[Stored entries]
════════════════

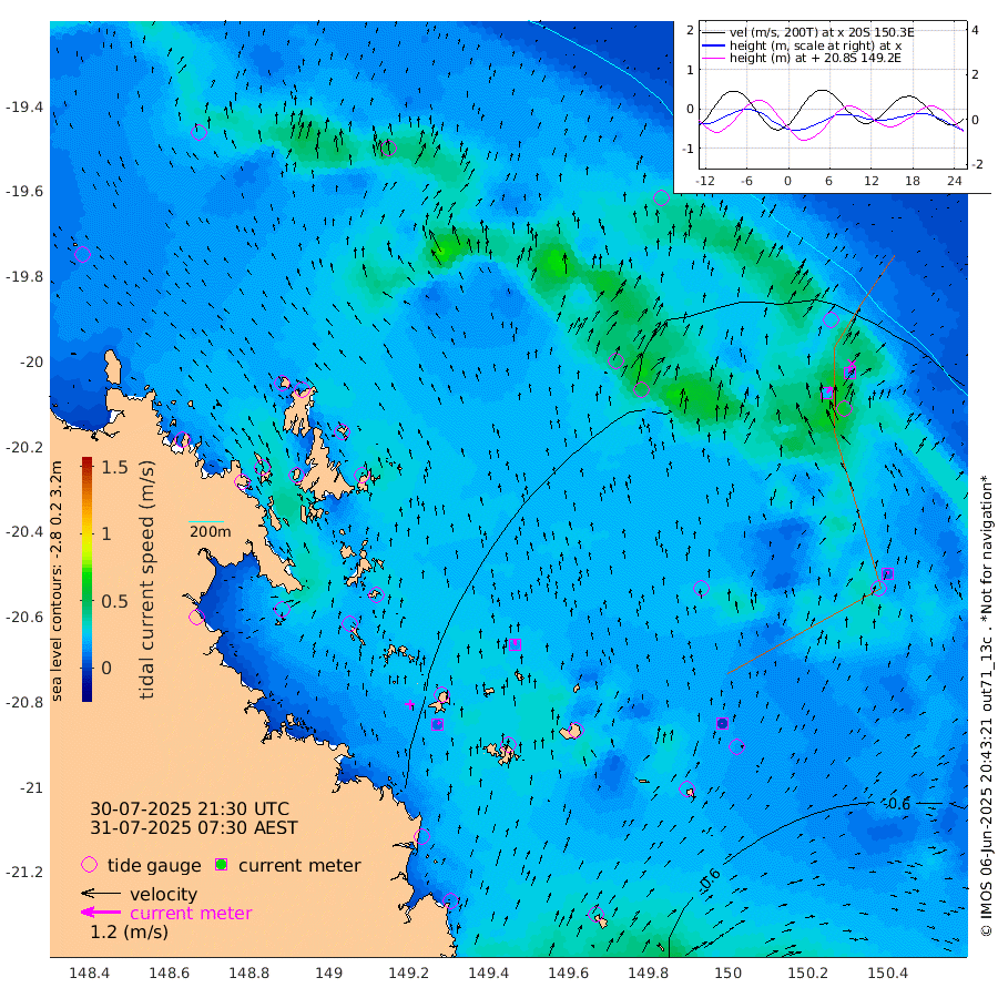 10cm/s 38T +10cm/s rms + 2cm/s 5T. Brampton I 18m 17cm/s -10T +9cm/s rms + 6cm/s 66T. Wigton I 38m 1cm/s 146T +7cm/s rms + 8cm/s 141T. Tern I 47m 16cm/s 2T +7cm/s rms + 12cm/s 54T. N Bugatti Rf 64m 22cm/s 33T +3cm/s rms + 13cm/s 178T. W Bugatti Rf 70m 9cm/s -4T +3cm/s rms + 3cm/s -130T. Creal Rf 69m -42cm Holbourne I -82cm Tern I -49cm Bugatti Rf -62cm Creal Rf -42cm White Tip I -34cm Wallaby Reef -50cm Kennedy Reef -38cm Unnamed Reef No. 2 -43cm Tideway Reef -50cm Hayman Island -57cm Square Reef -38cm Double Bay -52cm Molle Island -50cm Cid Harbour -49cm Hook Island -44cm Border Island -41cm Haslewood Island -49cm Shute Harbour -60cm Thomas Island -65cm Credlin Reef -55cm East Repulse Island -64cm Blacksmith Island -61cm Laguna Quays -61cm Carlisle Island (Off) -66cm St. Bees Island -57cm Scawfell Island -85cm Penrith Island -83cm Mackay Outer Harbour -91cm Hay Point -92cm Prudhoe Island
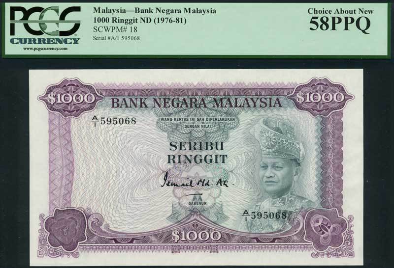 Bank Negara Malaysia, 1000 ringgit, ND (1976-), serial number A/1 595068, purple, Tuanku Abdul Rahman at right, Ismail Ali signature
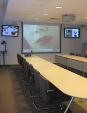 В центре кабинета, предназначенного для проведения встреч, совещаний и тренингов, теперь размещен экран прямой проекции, а сбоку от него расположены плазменные 42-дюймовые панели.
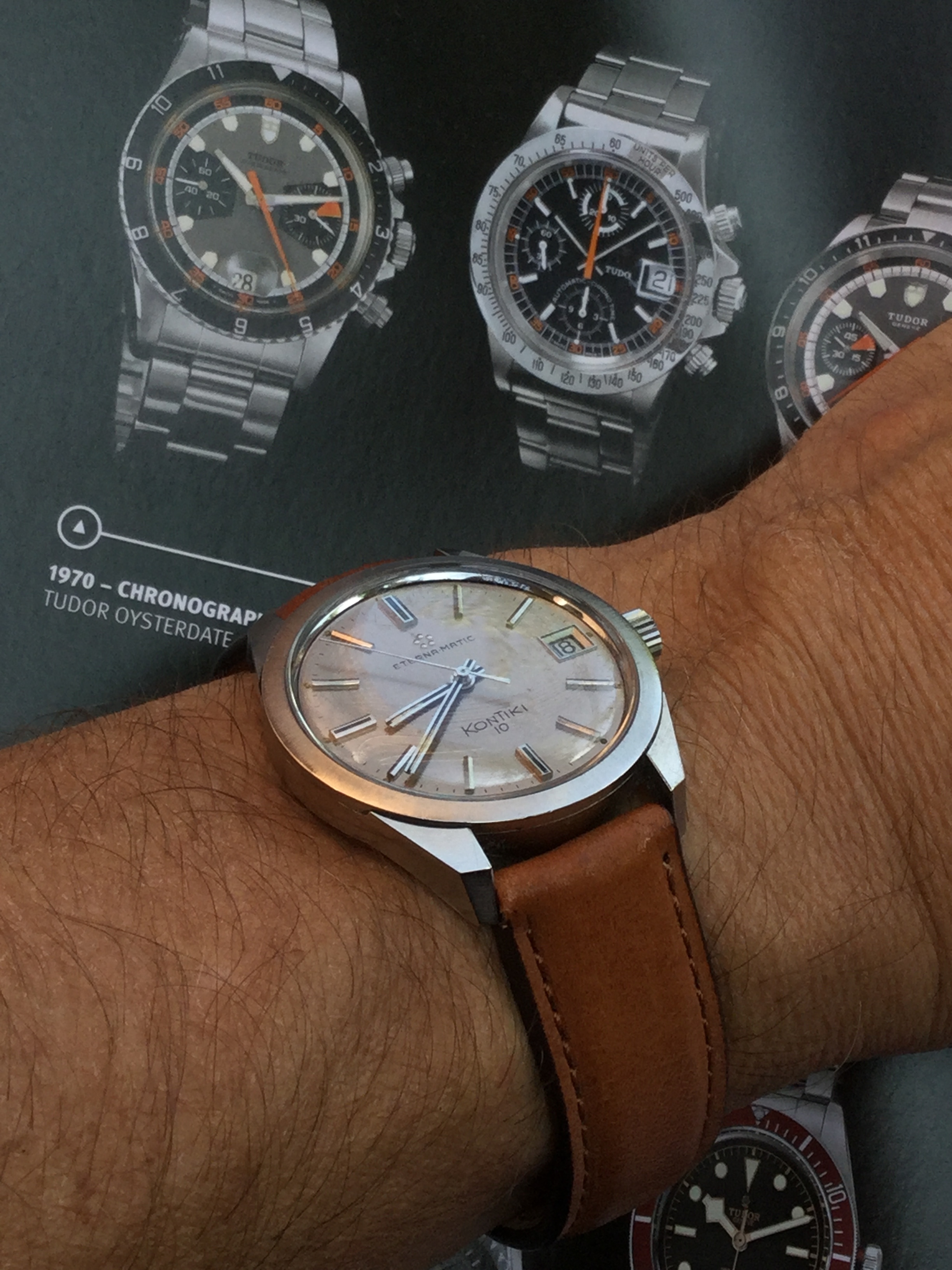 Check deze fraaie Eterna Kontiki 10 zwevend boven de Tudor brochureā¦
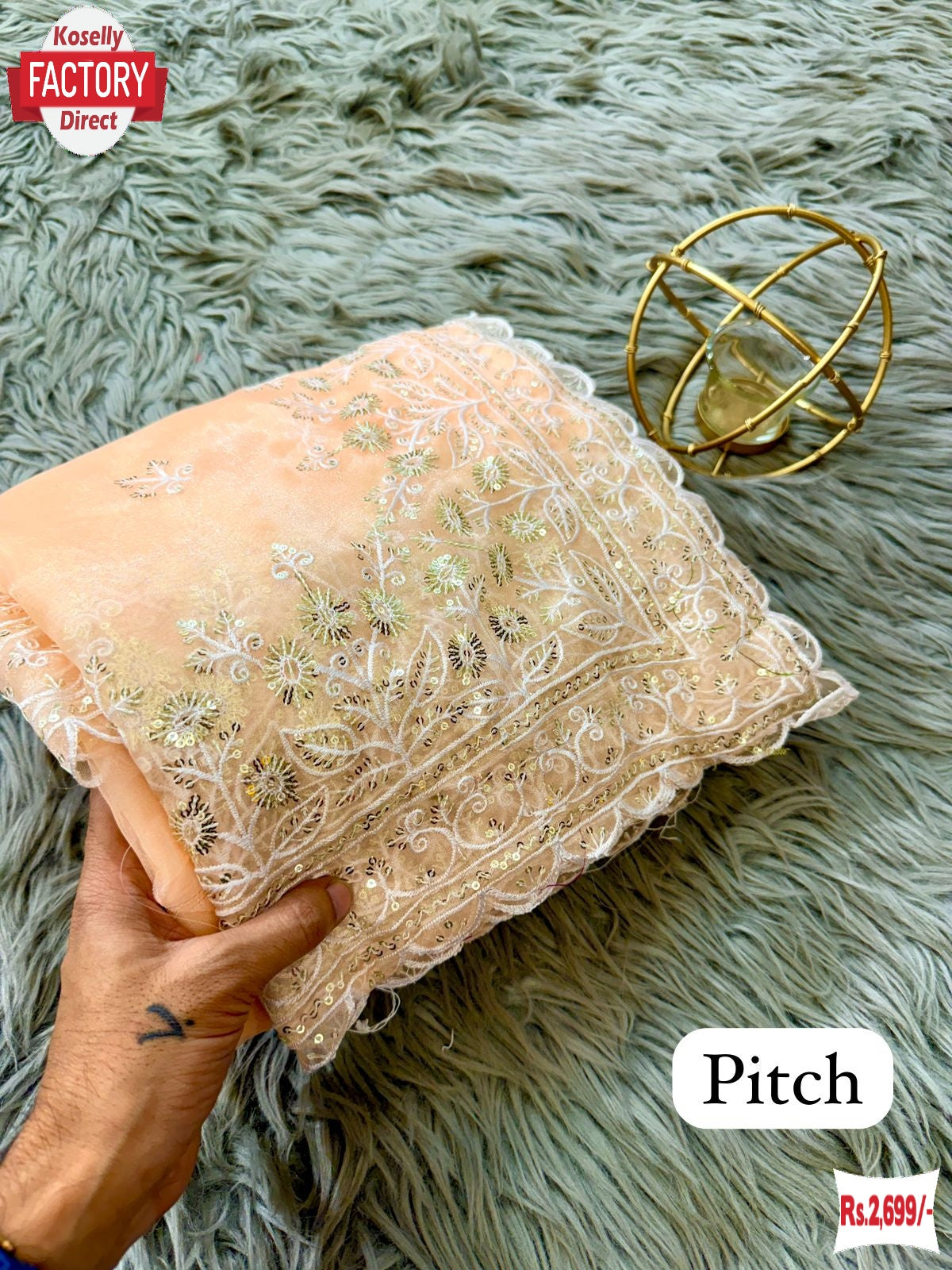Peach Pure Organza Sequins And Thread Work Partywear Saree
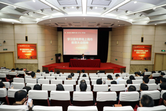 3月22日,上海市教育大會(huì)舉行,中共中央政治局委員、上海市委書記李強(qiáng),教育部黨組書記、部長陳寶生出席會(huì)議并講話。為深入學(xué)習(xí)貫徹上海市教育大會(huì)精神,3月27日下午,學(xué)校在綜合樓報(bào)告廳舉行校、院(機(jī)關(guān))兩級(jí)中心組(擴(kuò)大)學(xué)習(xí)會(huì),校黨委書記吳松傳達(dá)大會(huì)精神,兩級(jí)中心組成員、全體正教授參加會(huì)議。

════════════════

Verbatim output of every entry above is required, though pictures are to be left out.

 10cm/s 38T +10cm/s rms + 2cm/s 5T. Brampton I 18m 17cm/s -10T +9cm/s rms + 6cm/s 66T. Wigton I 38m 1cm/s 146T +7cm/s rms + 8cm/s 141T. Tern I 47m 16cm/s 2T +7cm/s rms + 12cm/s 54T. N Bugatti Rf 64m 22cm/s 33T +3cm/s rms + 13cm/s 178T. W Bugatti Rf 70m 9cm/s -4T +3cm/s rms + 3cm/s -130T. Creal Rf 69m -42cm Holbourne I -82cm Tern I -49cm Bugatti Rf -62cm Creal Rf -42cm White Tip I -34cm Wallaby Reef -50cm Kennedy Reef -38cm Unnamed Reef No. 2 -43cm Tideway Reef -50cm Hayman Island -57cm Square Reef -38cm Double Bay -52cm Molle Island -50cm Cid Harbour -49cm Hook Island -44cm Border Island -41cm Haslewood Island -49cm Shute Harbour -60cm Thomas Island -65cm Credlin Reef -55cm East Repulse Island -64cm Blacksmith Island -61cm Laguna Quays -61cm Carlisle Island (Off) -66cm St. Bees Island -57cm Scawfell Island -85cm Penrith Island -83cm Mackay Outer Harbour -91cm Hay Point -92cm Prudhoe Island
 Bank Negara Malaysia, 1000 ringgit, ND (1976-), serial number A/1 595068, purple, Tuanku Abdul Rahman at right, Ismail Ali signature
 В центре кабинета, предназначенного для проведения встреч, совещаний и тренингов, теперь размещен экран прямой проекции, а сбоку от него расположены плазменные 42-дюймовые панели.
 Check deze fraaie Eterna Kontiki 10 zwevend boven de Tudor brochureā¦
Peach Pure Organza Sequins And Thread Work Partywear Saree
 3月22日,上海市教育大會(huì)舉行,中共中央政治局委員、上海市委書記李強(qiáng),教育部黨組書記、部長陳寶生出席會(huì)議并講話。為深入學(xué)習(xí)貫徹上海市教育大會(huì)精神,3月27日下午,學(xué)校在綜合樓報(bào)告廳舉行校、院(機(jī)關(guān))兩級(jí)中心組(擴(kuò)大)學(xué)習(xí)會(huì),校黨委書記吳松傳達(dá)大會(huì)精神,兩級(jí)中心組成員、全體正教授參加會(huì)議。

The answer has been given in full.